In general, kids will learn belief structures from parents intuitively, unconsciously and implicitly as a result of subtle and not so subtle inflections in speech and behavior that you yourself are doing/making unconsciously. Thus, the fact that you are making positive changes on yourself as a result of the practices in Flow Mastery will automatically have an echo effect out into your children’s psyches as a result, so you can rest easy knowing there is this default level of mirroring going on at all times as you keep up the inner (and outer) work that will be reflected in them. Said another way, as you clear limiting beliefs and emotions, they also pick up on that intuitively from you and start to experience the same clearing effect.
Beyond that, using ‘I’ statements is very important, making sure to always state ‘I am feeling ________ right now ________’ before communicating anything that could be construed as a judgement so its not interpreted by the children as a statement of fact about them (which can create limiting beliefs), but rather something you are feeling in the moment which is temporary. For example, your child gets the white couch filthy with paint. Don’t say ‘You are so careless!’ rather, ‘I am feeling frustrated right now that you didn’t respect my belongings’. This way the child understands it is situational and not anything about them intrinsically and largely avoids taking on any limiting beliefs as a result.
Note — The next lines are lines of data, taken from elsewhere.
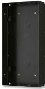
IXG-DM7-BOX Flush Mount Box for the IXG-DM7-HID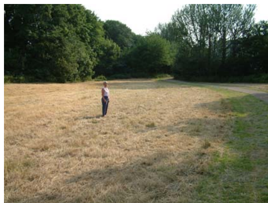
July 2005 - Amanda Cadman surveys the mown area.

We mention elsewhere the construction of floating islands. One short working party day involved two men in a small boat trying to do something similar on Merecroft Pool. They established that if they both stood on the same side of the boat at the same time then they get an early bath but a short working day. No guesses to establish whom these two wet individuals were but the garden of one of them backs on to the pool and the other usually stands on the bank and counts the birds. They are already quite old but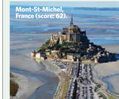
Mont-St-Michel, France (score: 62).

• SEE MORE COMMENTS on each of these destinations at www.nationalgeographic.com/traveler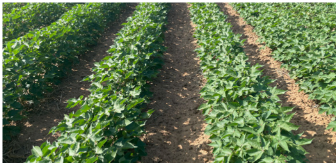
Cotton crop with MegaSilica 30 days after application

It is almost impossible to prevent children from picking up liming beliefs completely at this time in history, but you can definitely lighten the load substantially through conscious parenting approaches. It is better to teach kids tools for working with and healing emotions and limiting beliefs in real-time as they come up rather than to try and be extra stringent about eliminating them completely. The ideal practice as far as we are concerned is to minimize limiting belief/trauma imprinting through conscious parenting approaches and teaching kids tools from Flow Mastery to work with/clear anything that comes up in realtime so it doesn’t get deeply ingrained in the nervous system.
Also, regarding reinforcing positive beliefs, there are many ways and your creativity is the only limit here, truly! But some great, easy wins are loving praise and potentially even rewards for them embodying or taking action on any of the flow principles or positive beliefs you want to reinforce, having conversations with them discussing the positive beliefs and helping them to see how they are true and beneficial for their overall wellbeing, making sure you are embodying them yourself, encouraging them to do activities or offering them opportunities to do activities that reinforce the positive beliefs, coming up with creative ways to take action on the positive beliefs that would be fun and enjoyable for them, encouraging them to meditate/engage in spiritual practice, generally being with other kids, friends, community, family, etc. that embrace flow-aligned belief structures, and reading to them or having them read books like the Alchemist and so on that are great stories and teach these beliefs as lessons embedded within the narrative.